Problem details: Retype the listing exactly. Leave out the images.

Dataset extract:
= = = = = = =

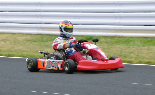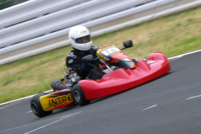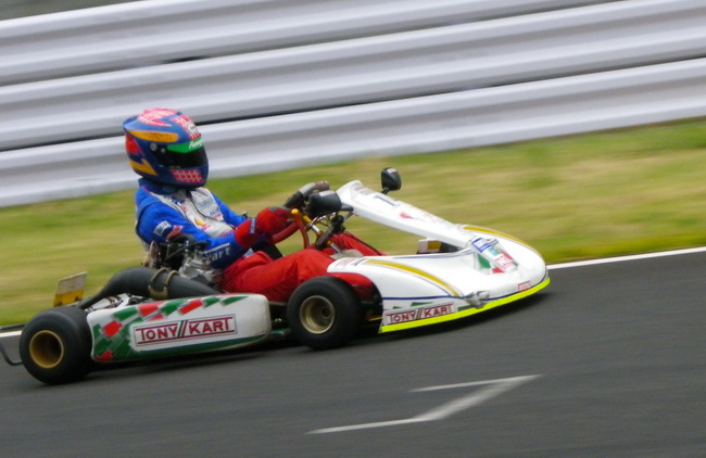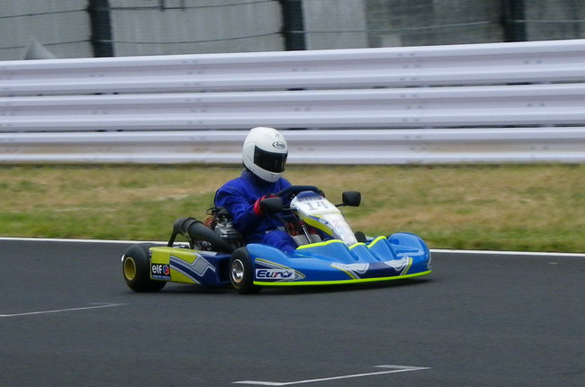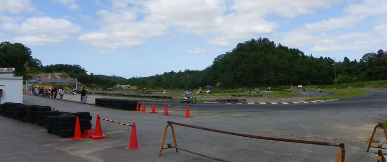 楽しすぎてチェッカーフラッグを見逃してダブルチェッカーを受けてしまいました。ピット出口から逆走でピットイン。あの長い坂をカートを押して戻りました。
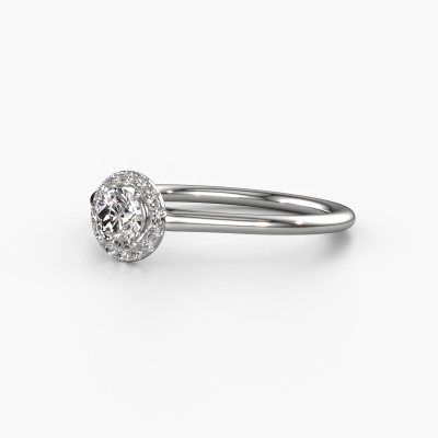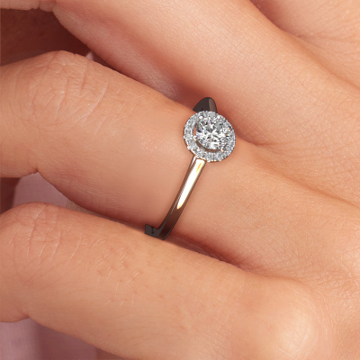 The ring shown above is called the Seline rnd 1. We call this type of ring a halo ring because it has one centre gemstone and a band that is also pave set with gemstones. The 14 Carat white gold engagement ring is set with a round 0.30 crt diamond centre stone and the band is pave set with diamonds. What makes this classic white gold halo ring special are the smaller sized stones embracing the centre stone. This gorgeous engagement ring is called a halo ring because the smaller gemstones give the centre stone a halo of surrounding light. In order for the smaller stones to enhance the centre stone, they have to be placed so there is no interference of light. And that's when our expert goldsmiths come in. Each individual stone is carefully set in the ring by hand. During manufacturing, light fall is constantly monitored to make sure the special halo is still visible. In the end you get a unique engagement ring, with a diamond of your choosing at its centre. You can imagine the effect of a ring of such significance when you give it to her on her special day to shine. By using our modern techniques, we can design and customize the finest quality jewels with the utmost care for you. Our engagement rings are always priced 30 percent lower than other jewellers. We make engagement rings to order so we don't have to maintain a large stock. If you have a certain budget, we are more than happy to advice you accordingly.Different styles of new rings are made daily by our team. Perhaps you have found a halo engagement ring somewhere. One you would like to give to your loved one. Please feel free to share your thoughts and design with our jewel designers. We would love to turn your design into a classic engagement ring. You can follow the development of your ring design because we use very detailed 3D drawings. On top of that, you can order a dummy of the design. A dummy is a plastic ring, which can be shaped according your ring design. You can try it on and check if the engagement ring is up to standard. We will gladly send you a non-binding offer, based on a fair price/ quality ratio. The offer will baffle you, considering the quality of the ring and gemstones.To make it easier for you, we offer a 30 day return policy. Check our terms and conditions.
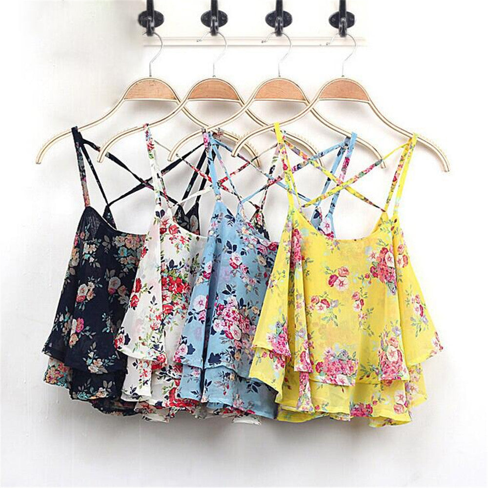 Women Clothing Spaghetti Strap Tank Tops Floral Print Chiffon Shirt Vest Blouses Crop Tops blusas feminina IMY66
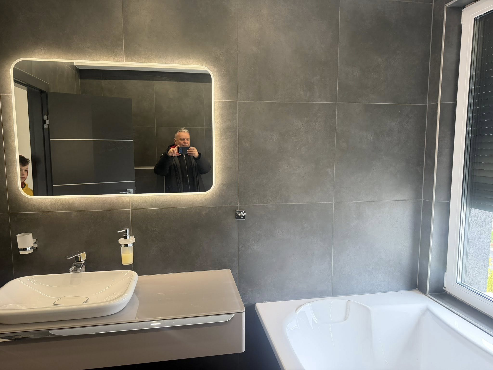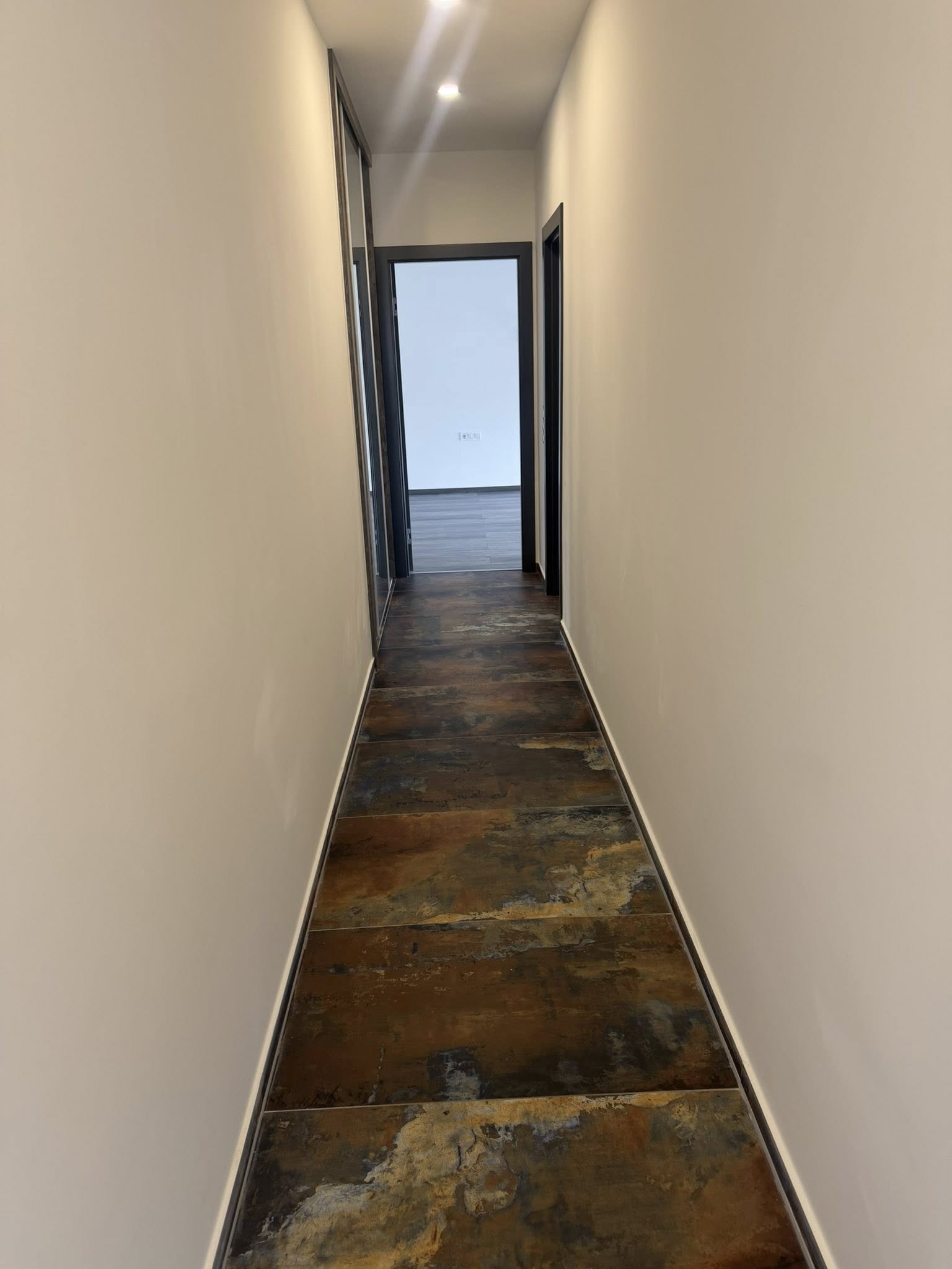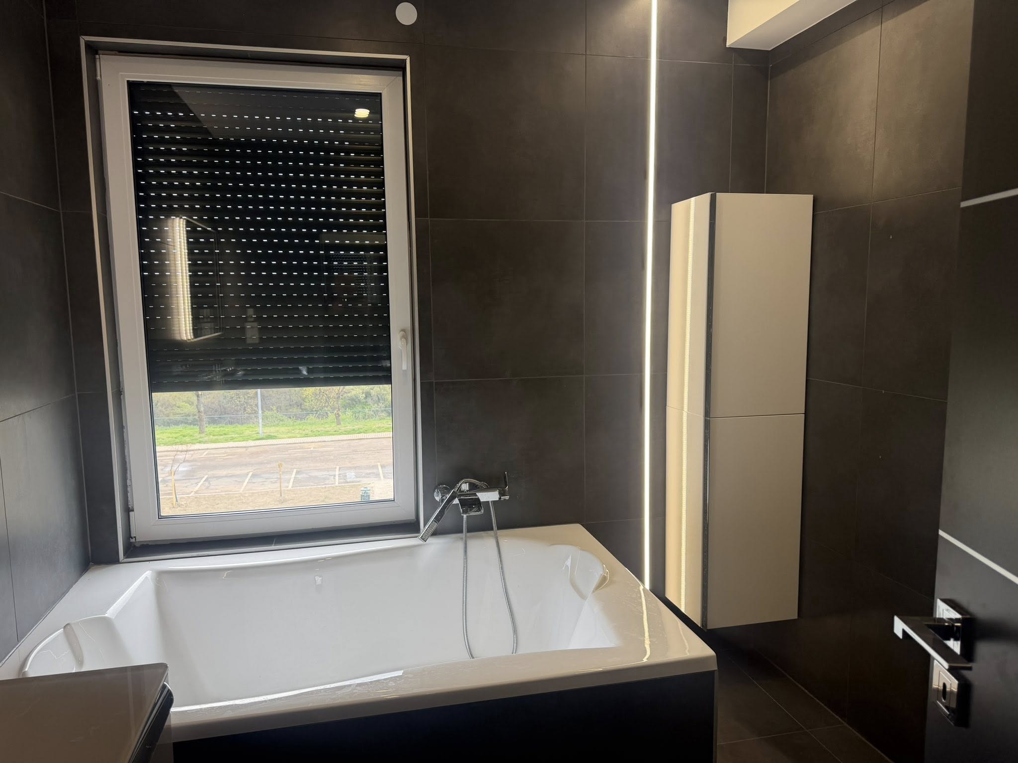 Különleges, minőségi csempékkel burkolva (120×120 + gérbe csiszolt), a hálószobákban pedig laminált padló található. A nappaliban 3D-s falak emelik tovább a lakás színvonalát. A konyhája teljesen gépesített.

= = = = = = =

Response to the task:
 楽しすぎてチェッカーフラッグを見逃してダブルチェッカーを受けてしまいました。ピット出口から逆走でピットイン。あの長い坂をカートを押して戻りました。
 The ring shown above is called the Seline rnd 1. We call this type of ring a halo ring because it has one centre gemstone and a band that is also pave set with gemstones. The 14 Carat white gold engagement ring is set with a round 0.30 crt diamond centre stone and the band is pave set with diamonds. What makes this classic white gold halo ring special are the smaller sized stones embracing the centre stone. This gorgeous engagement ring is called a halo ring because the smaller gemstones give the centre stone a halo of surrounding light. In order for the smaller stones to enhance the centre stone, they have to be placed so there is no interference of light. And that's when our expert goldsmiths come in. Each individual stone is carefully set in the ring by hand. During manufacturing, light fall is constantly monitored to make sure the special halo is still visible. In the end you get a unique engagement ring, with a diamond of your choosing at its centre. You can imagine the effect of a ring of such significance when you give it to her on her special day to shine. By using our modern techniques, we can design and customize the finest quality jewels with the utmost care for you. Our engagement rings are always priced 30 percent lower than other jewellers. We make engagement rings to order so we don't have to maintain a large stock. If you have a certain budget, we are more than happy to advice you accordingly.Different styles of new rings are made daily by our team. Perhaps you have found a halo engagement ring somewhere. One you would like to give to your loved one. Please feel free to share your thoughts and design with our jewel designers. We would love to turn your design into a classic engagement ring. You can follow the development of your ring design because we use very detailed 3D drawings. On top of that, you can order a dummy of the design. A dummy is a plastic ring, which can be shaped according your ring design. You can try it on and check if the engagement ring is up to standard. We will gladly send you a non-binding offer, based on a fair price/ quality ratio. The offer will baffle you, considering the quality of the ring and gemstones.To make it easier for you, we offer a 30 day return policy. Check our terms and conditions.
 Women Clothing Spaghetti Strap Tank Tops Floral Print Chiffon Shirt Vest Blouses Crop Tops blusas feminina IMY66
 Különleges, minőségi csempékkel burkolva (120×120 + gérbe csiszolt), a hálószobákban pedig laminált padló található. A nappaliban 3D-s falak emelik tovább a lakás színvonalát. A konyhája teljesen gépesített.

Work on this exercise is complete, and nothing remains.